A signature is a piece of data that attests another piece of data is
unchanged. If it doesn't have a second piece of data to compare to,
all it can say is "I have a good digital signature that attests to a
hash value of XYZ for some piece of data, but, uh ... where's the data?"
Makes sense. I see my mistake. I was practicing on my own created
signatures on my own files. So I was able to verify my own .sig because..

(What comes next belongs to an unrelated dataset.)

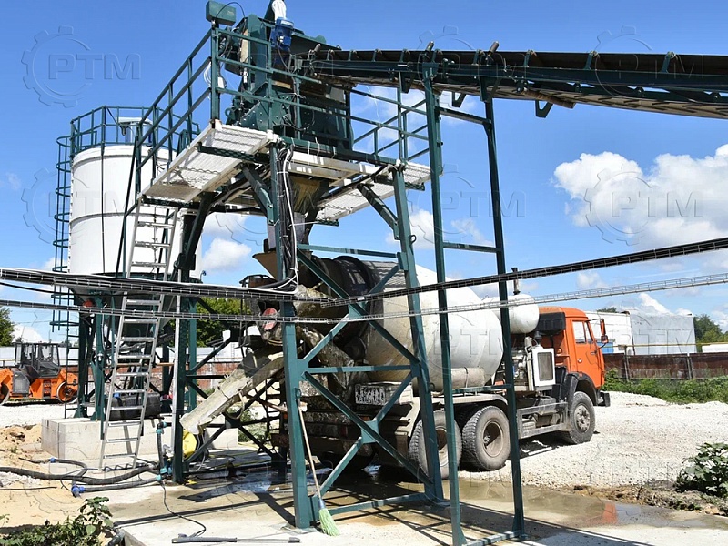 Ленточный бетонный завод с двухвальным бетоносмесителем — это производственное оборудование, которое используется для смешивания и производства бетонной смеси с высокой производительностью и качеством, завод автоматический, принцип “одна кнопка” Он состоит из следующих основных компонентов:

gpg: assuming signed data in '/Users/samibadri/desktop/cryptcommands.txt'
gpg: Signature made Sat Jan 1 13:06:36 2022 EST
gpg: using RSA key 5CD9A3BC1577A0FDB8B11CD02DE90FECE5438DA0
gpg: Good signature from "SamiB (pgp key pair #1)
<sami.ba...@gmail.com>" [ultimate]
Detached signatures (clearsign signatures being one kind of them) do
not include the original data. You can sign gigabytes of data and the
detached signature will still be only a few hundred bytes in size,
because the original data isn't there.
I would've thought that a clearsign signature preserves the data above
the pgp signature, in plaintext. Isn't the plaintext above the
signature the original data?
S.B.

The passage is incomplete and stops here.